Additional ledger queries for the tracing system have been implemented and merged to master. Those capture the amount of, and the number of existing delegations to, DReps as trace output - and thus enable creating a metric on top of it, which can then be monitored.

The (in our case) non-deterministic nature of shutting down different cluster setups - both local and cloud-based - carries the possibility that our transaction generation service occasionally misclassifies a regular shutdown as an error. Furthermore, in the case of network malfunctions, the service's errors are too unspecific. By implementing thread labels for submission threads, corresponding to each submission target, and by adding custom smart signal handlers, we'll improve the generator's error reporting significantly.

The initial tests for quick queries are being developed further. We're moving towards a principled, and generalized, syntax that supports both prepared, parametrizable queries from the application code, as well as ad-hoc queries stated e.g. on the command line.

Workbench

The performance workbench now fully supports the new cardano-cli command create-test-data. We use it to inject both stake delegated to stake pools into genesis, and - recently added - stake delegated to DReps as well. It has been proven very useful and versatile so far, and will eventually replace the current create-staked command.

Work on porting our performance workbench's profile definitions to Haskell, and providing them with an appropriate test suite, is still ongoing; currently, we're integrating all new profile families that came out of the UTxO growth scenarios.

Tracing

New metrics are being implemented for the tracing system. They will also be part of Prometheus output and as such accessible to monitoring services. There'll be cardano-node's detailed build info, as well as a node's block producer status, meaning the presence of forger credentials. Those new metrics are being backported to the legacy tracing system, too.

Furthermore, we've determined the need to revisit metrics naming. There's still a divergence between naming in the legacy and the new system. While this could be mitigated by passing in extra config options, we think that a transition to the new system should not impose any unnecessary effort for node operators. A design to fully harmonize the existing naming schemata is currently being set up.

UTxO Growth

The UTxO Growth benchmarking series has been finalized. We've finished analyses and reports for all scenarios that were tested and explored.

The overarching questions were, given a network of 32GB host systems, how large can the UTxO set grow in general, how large can it grow before the nodes have to operate close to the RAM limit over extended periods of time, and how does scaling the UTxO set size affect network metrics, such as block diffusion.

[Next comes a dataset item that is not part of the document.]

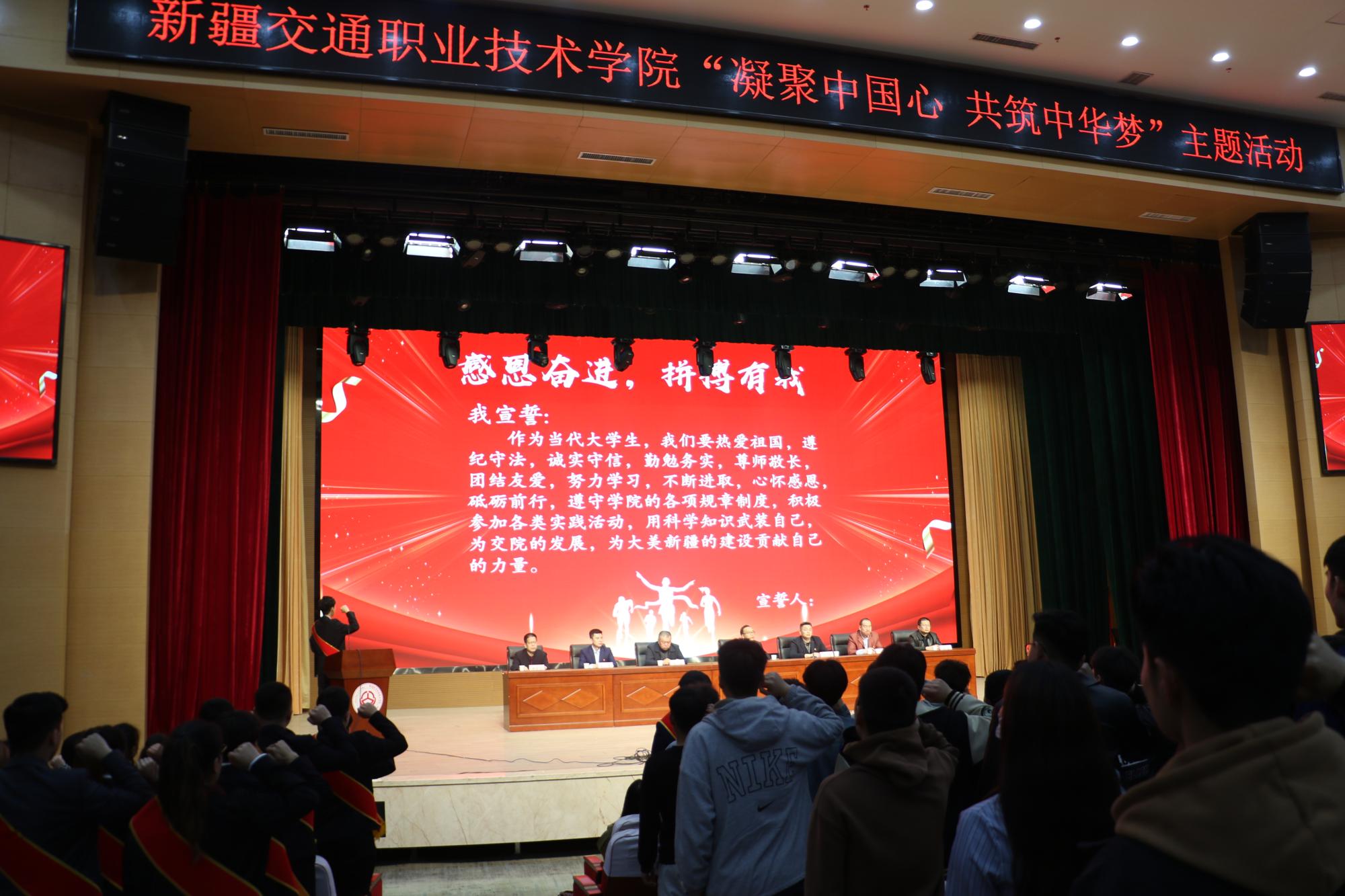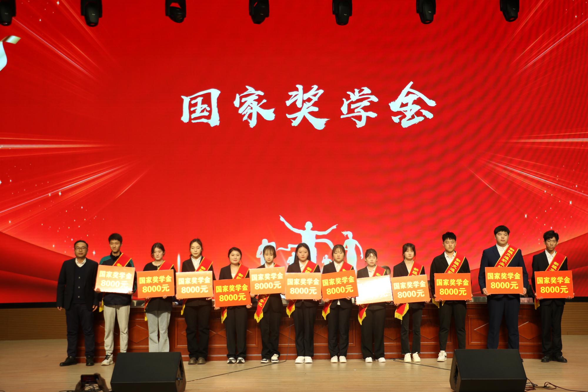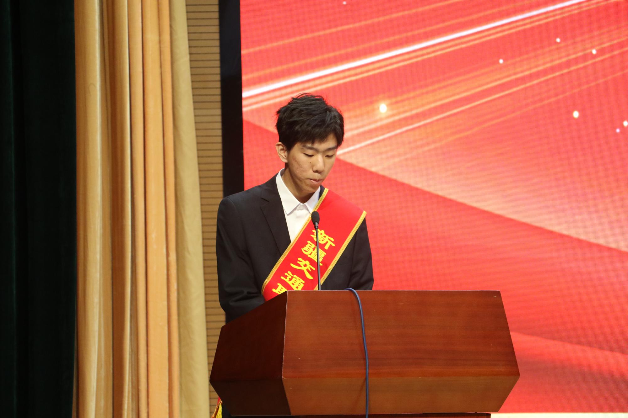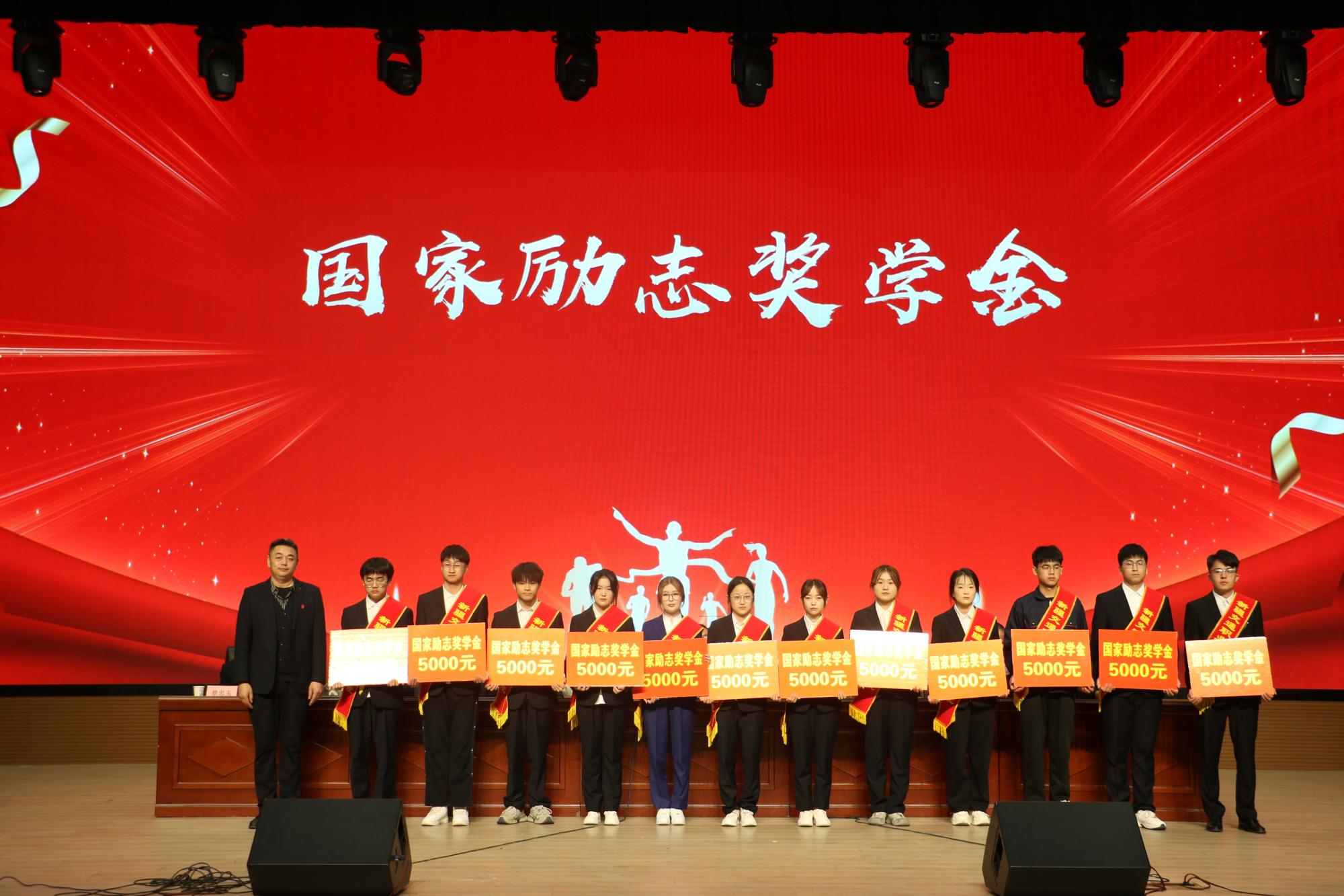 在庄严而热烈的氛围中,获奖学生走上台接受表彰,国家奖学金获得者魏云彬同学代表获奖学生发言,分享了自己在学习中的体会和感悟,表示获得奖学金不仅是对自己努力的肯定,更是对未来的一种鞭策,今后将继续保持学习的热情,不断提升技能,在奋斗中彰显青春力量。随后,魏云彬同学带领全体学生进行了“感恩奋进,拼搏有我”的主题宣誓。

A dedicated "UTxO Scaling Squad" was set up, who was driving the entire process, and we enjoyed a very focused and productive collaboration with them.

UTxO-HD / LMDB

Last not least, we were able to benchmark UTxO-HD's on-disk backend on a network of block producing nodes, on a recent 8.9.1 version of cardano-node. The setup allowed of using a direct access SSD device for performance critical disk I/O, whereas the bulk of ChainDB and ledger snapshots remained on a standard AWS EBS volume.

The benchmarks comprised both optimistic and pessimistic RAM assumptions for the host OS to further optimize I/O via page cache, as well as medium and large UTxO set sizes - the latter almost tripling current mainnet's size. The results were promising; the LMDB backend has proven to be able to accomodate large UTxO sets using significantly less RAM than the default all-in-memory node - and with a more than reasonable trade-off performance-wise. Furthermore, running with pessimistic assumptions, the performance impact on LMDB was very moderate only.

· 3 min read
Marcin Szamotulski

High-level overview of sprint 60

Edited on 8th of May: new EGK counters will be included in `cardano-node-8.9.3`, added links to `cardano-node-8.9.3` PR and `ouroboros-network-0.15` release.

Peer-Sharing Improvements

We continued working on improving peer sharing. As part of this work light peer sharing (e.g. including inbound peers to the known set of outbound governor), was restructured. Now, sending more peers than what was requested by the peer-sharing client is a protocol error, and the connection will be terminated; This hasn't been a resource attack vector since we always limited the number of peers taken by the outbound-governor and the number of peers has always been limited by the size of the mux ingress queue reserved for peer-sharing mini-protocol. These changes will be released in cardano-node-8.9.3. See ouroboros-network#4868

We also merged the work on outbound governor counters, which initially started as just an extension for peer-sharing counters but turned into a larger refactorisation. We announced it in the previous report. These changes will be included in 8.9.3. See ouroboros-network#4845, ouroboros-network#4861.

Light peer sharing (inbound peers) refactorisation allowed us to refactor the inbound governor loop: we restructured it so that the internal state is kept pure (and thus not shared with other threads), while the public part is computed incrementally (with good amortised costs and thus leading to good performance) and exposed to other components (e.g. the outbound-governor), see ouroboros-network#4871 (which is built on top of ouroboros-network#4868).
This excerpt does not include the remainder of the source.